Information shown.

*** Block opens ***

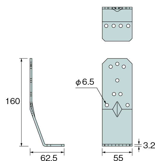 | 55×160×62. 5×3. 2(t ) | AA159000 | 50個 | 専用角ビットビス TBA-65(400本) TB- 101(200本) | 22.7 |
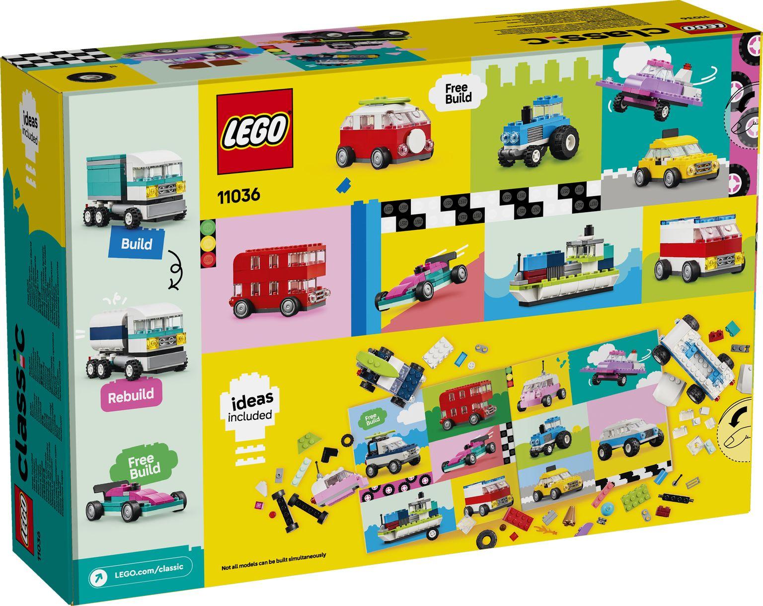 Hazle un gran regalo a tu fan de los vehículos de 5 años o más: ¡el set LEGO® Classic Vehículos Creativos (11036) para construir y jugar! Este colorido kit de construcción de coches contiene un surtido de elementos y ladrillos, así como sencillas guías para crear una serie de vehículos infinitamente reconstruibles. Con 900 ladrillos de construcción, elementos especiales y 52 ruedas, además de instrucciones fáciles de seguir, los peques pueden construir un coche de policía, un camión de los helados, un quad, un cargador frontal, un camión, un coche familiar, un todoterreno y una limusina de juguete. Después, basándose en las ideas sobre diseños, detalles y decoraciones, ¡podrán reconstruir los vehículos de muchas otras formas! Y, a medida que desarrollen sus habilidades de construcción creativa, se atreverán con sus propios diseños inspirándose en las 10 imaginativas ideas incluidas. Las instrucciones también están disponibles en la app LEGO Builder: su intuitiva guía de construcción.
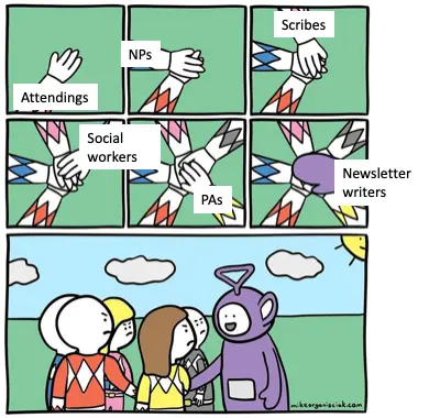 Of course, as with any group of people working closely together under pressure with distinct and challenging roles, there is often tension. Sometimes that's the nature of the work: the patient is coding and the nurse can't reach the doctor; the team asked the social worker to do something which he then forgot about, delaying discharge, etc. Situations are hard and people aren't perfect. Often you want things to be more collaborative, but the structure of things means that the doctor is the ultimate decision-maker and arbiter, even for small, seemingly silly things, and the dynamic is hard to get out of.
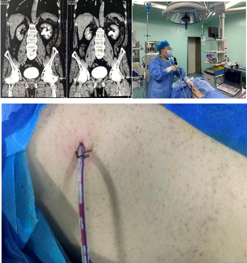 65岁男性病例,因发现左肾巨大结石并肾积水就诊,入院检查双肾CT提示左肾巨大铸型结石,帖鹏副主任医师综合评估患者状况,取得患者及家属同意后,积极术前准备,于全麻下行俯卧位B超定位下左侧肾结石经皮肾镜碎石取石术。在B超引导下采取平面内进针法穿刺,穿刺成功置入F18(微通道)号经皮肾鞘,利用钬激光碎石,术野清晰,手术过程顺利,术中出血少,碎石结束后超声观察肾内几乎无残留结石。
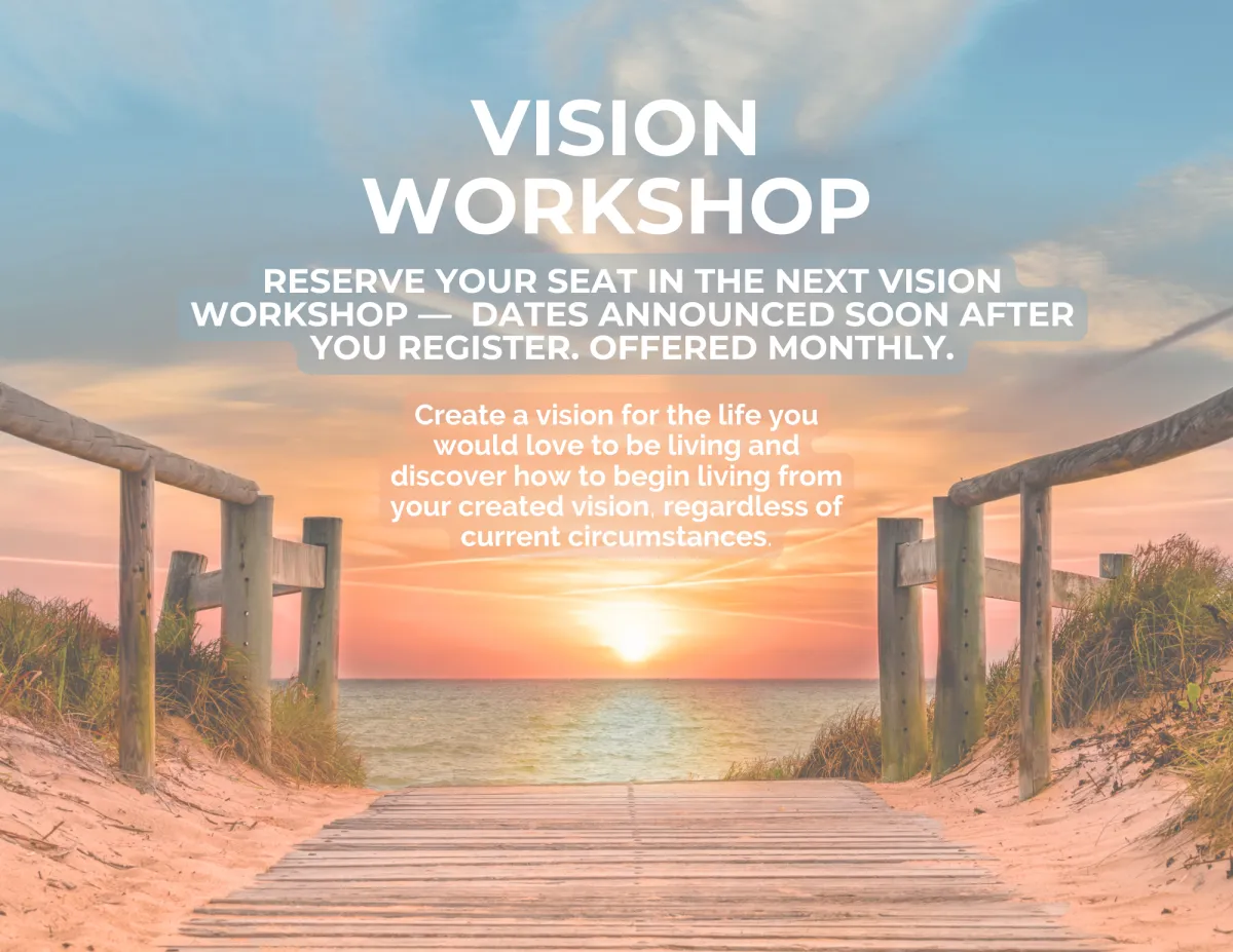 I invite you to join me for this amazing Vision Workshop and discover how to begin living from your created vision, regardless of current circumstances.
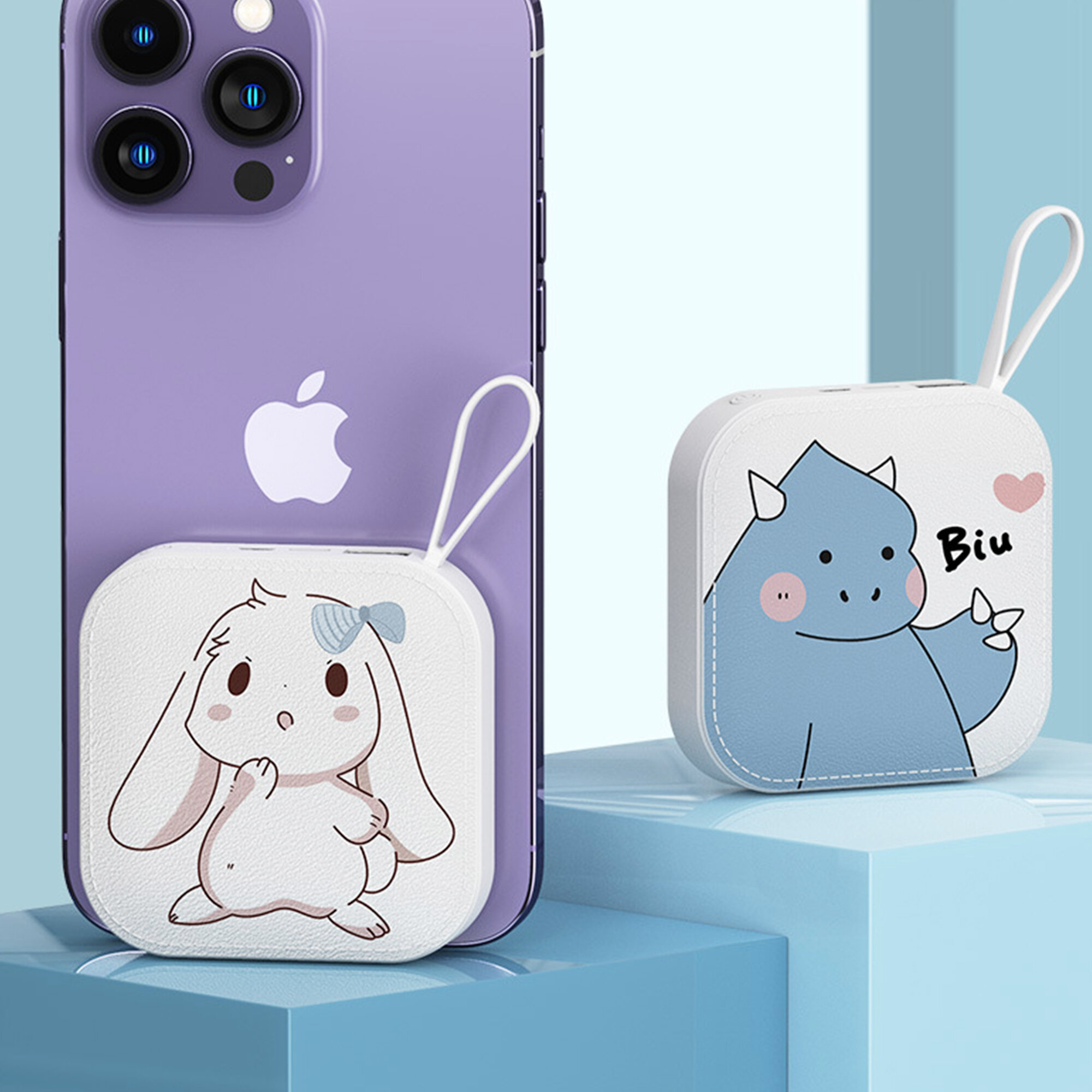 Повербанк с картинкой аниме Динозаврик, внешний аккумулятор детский, 10000 мА·ч, белый
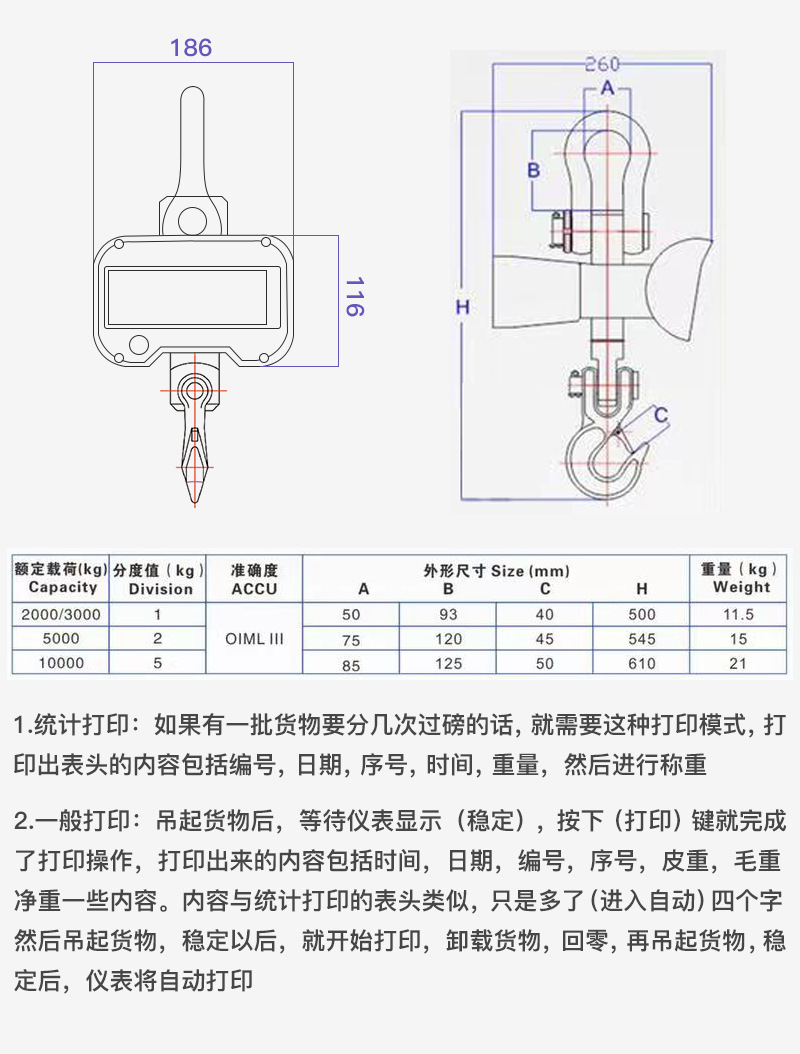 • E 무선 인쇄 교수형 스케일 OCS-5T
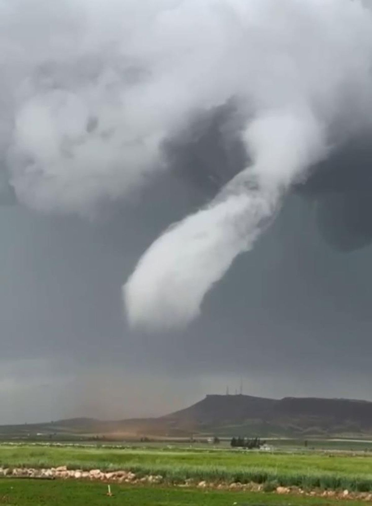 Mardin'in Mazıdağı ilçesinde metrelerce yükseklikte bir hortum oluştu.
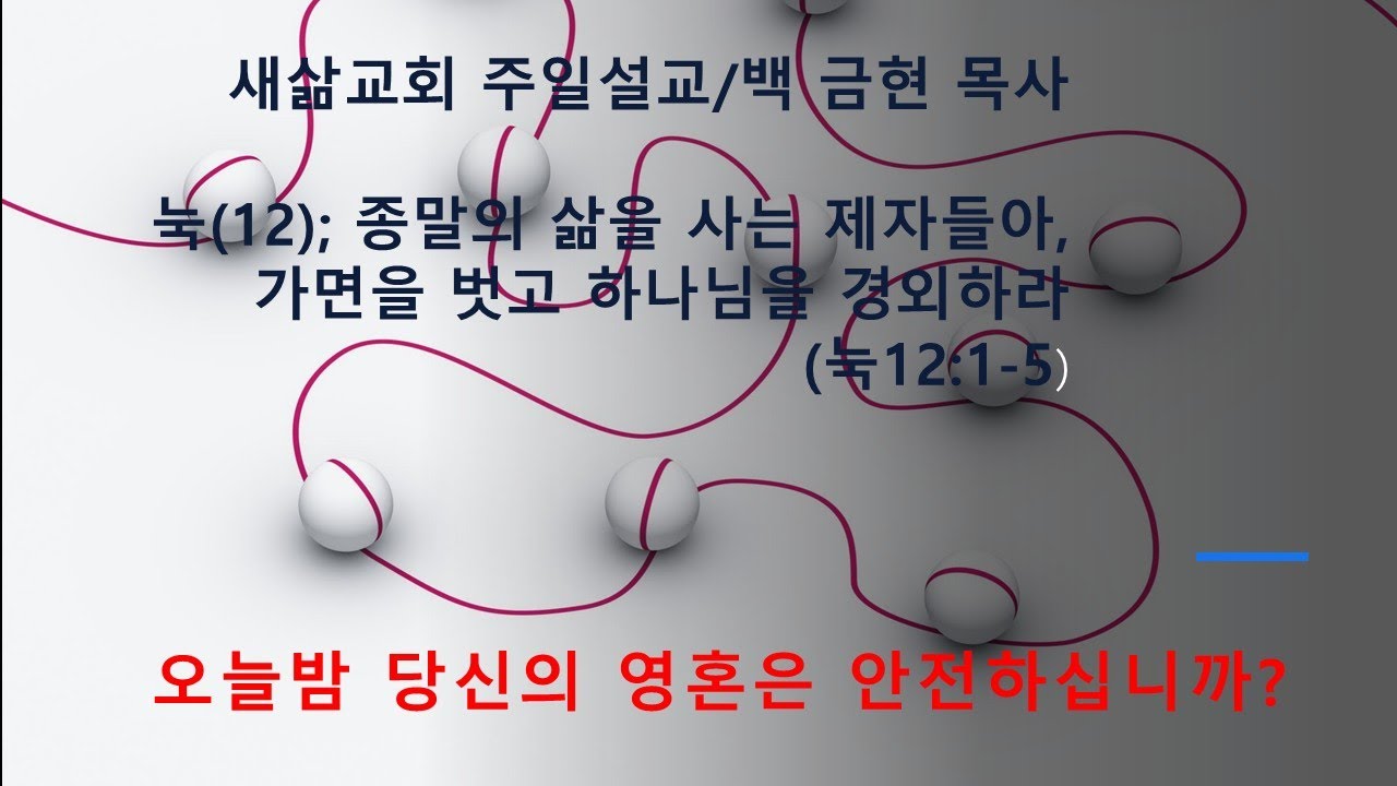 종말의 삶을 사는 제자들에게 예수님께서는 외식하는 신앙생활을 버리라, 참된 부요의 의미를 깨닫고 하나님께 부요한 삶을 살아라 그리고 마지막 오실 주님을 깨어서 기다리라는 말씀을 주셨습니다. 여러분, 지금 하나님 앞에 가면을 쓰고 계십니까? 지금 벗으실 때입니다. 여러분, 하나님께 부요한 삶을 살고 계십니까? 세상에게 부요한 삶을 살고 계십니까? 영적으로 깨어 있습니까? 오늘밤 당신의 영혼은 안전하십니까?

*** Block closes ***

Your instructions.
Lines from the one containing "Повербанк с картинкой" through the final line of the entries above are to be retyped exactly, with every picture left out.

Reply.
 Повербанк с картинкой аниме Динозаврик, внешний аккумулятор детский, 10000 мА·ч, белый
 • E 무선 인쇄 교수형 스케일 OCS-5T
 Mardin'in Mazıdağı ilçesinde metrelerce yükseklikte bir hortum oluştu.
 종말의 삶을 사는 제자들에게 예수님께서는 외식하는 신앙생활을 버리라, 참된 부요의 의미를 깨닫고 하나님께 부요한 삶을 살아라 그리고 마지막 오실 주님을 깨어서 기다리라는 말씀을 주셨습니다. 여러분, 지금 하나님 앞에 가면을 쓰고 계십니까? 지금 벗으실 때입니다. 여러분, 하나님께 부요한 삶을 살고 계십니까? 세상에게 부요한 삶을 살고 계십니까? 영적으로 깨어 있습니까? 오늘밤 당신의 영혼은 안전하십니까?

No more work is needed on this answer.